Après avoir juré par le temps, Allah résume les quatre conditions le salut de l’être humain :

1) Une foi stable,

2) L’accomplissement de bonnes œuvres,

3) L’exhortation mutuelle à la vérité,

4) L’exhortation mutuelle à l’endurance.[14]

Ces conditions constituent les éléments fondamentaux.

Mais au-delà de tous ces éléments, nous aurons encore besoin de la Miséricorde et le Pardon Infini de Dieu pour l’entrée au Paradis.

Aussi, afin de mériter la Compassion Divine, nous devons L’implorer sans relâche, chercher refuge auprès de Lui et prier pour l’intercession des Prophètes.

En vérité, les voies d’Allah l’Eternel sont insondables. Le salut provient de ce que nous estimons, mais il peut parfois provenir des choses que nous sous-estimons. C’est pour cela qu’il faut profiter de toutes les aubaines qui s’offrent à nous.

Selon un rapport, tout comme le chien des gens de la caverne a pu accéder au Paradis pour avoir été leur compagnon et attendu à l’entrée de la caverne, le fait de tenir compagnie aux croyants et rapprochés de Dieu en acceptant le message qu’ils véhiculent peut-être une cause pour l’accession au Paradis.

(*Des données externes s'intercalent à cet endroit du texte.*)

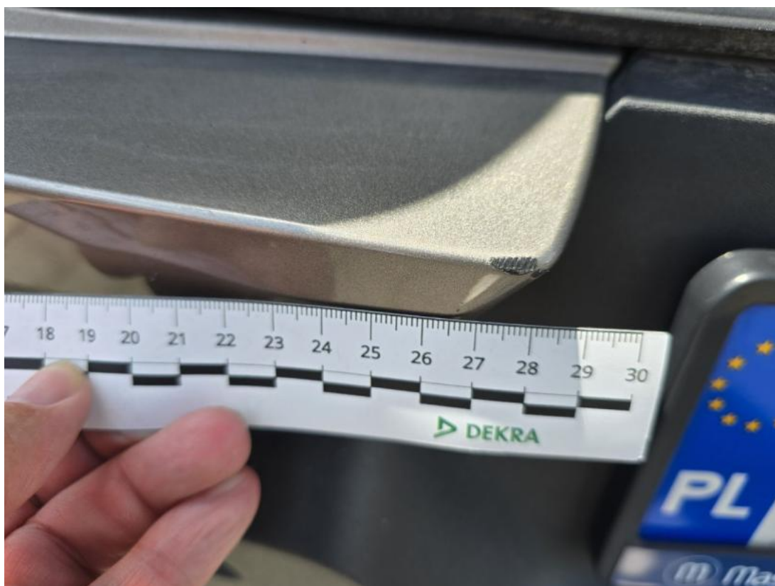
Fot. 47 Zderzak tylny - Rysa/odprysk 1

Comme ces propos de Molla Câmi رَحْمَتَاللهعَلَيْهِ sont d’une grande portée : «

Ô Messager d’Allah ! Pourquoi ne m’associerais-je pas à tes compagnons afin d’entrer au Paradis tout comme le chien s’associa aux gens de la caverne ? Si le chien des gens de la caverne a pu accéder au Paradis, pourquoi irai-je moi à l’Enfer ? Ce chien fut celui des gens de la caverne ; moi aussi, je suis le chien de tes compagnons. »[15]

En conclusion, pour pouvoir accéder au Paradis, il faut tout d’abord croire puis s’acquitter des obligations religieuses et enfin être patient et endurant.

[1]        Saint Coran Sourate Al Baqarah (2) verset 35

[2]        Şefik Can, Dîvân-ı Kebîrden Seçmeler, İstanbul 2006, I, 82.

[3]        Saint Coran sourate Al Araf (7) versets 12 à 18

[4]        At Tirmidhi Livre 38 el-Jami’u’s-Saghîr Hadith 2757

[5]        Dîvân-ı Kebîr ’den Seçmeler, I, 271-72.

[6]        Mathnawi II, b. 1439.

[7]        Cf. Saint Coran sourate At Tauba (9) verset 111.

[8]        Saint Coran sourate Âl-i İmrân(3) verset 15.

[9]        Extrait du poème Aşkın aldı benden beni (Mon amour pour Toi m’a pris) – Note du Rédacteur

[10]       Mathnawi, II, b. 3133.

[11]       Fussilat, 41/11.

[12]       Fussilat, 41/11.

[13]       Mathnawi III, b. 4464-70.

[14]       Cf. Saint Coran sourate Al Asr(103) verset 1-3.

[15]       Şefik Can, Traduction du Mathnawî, III, 44, dn. 2.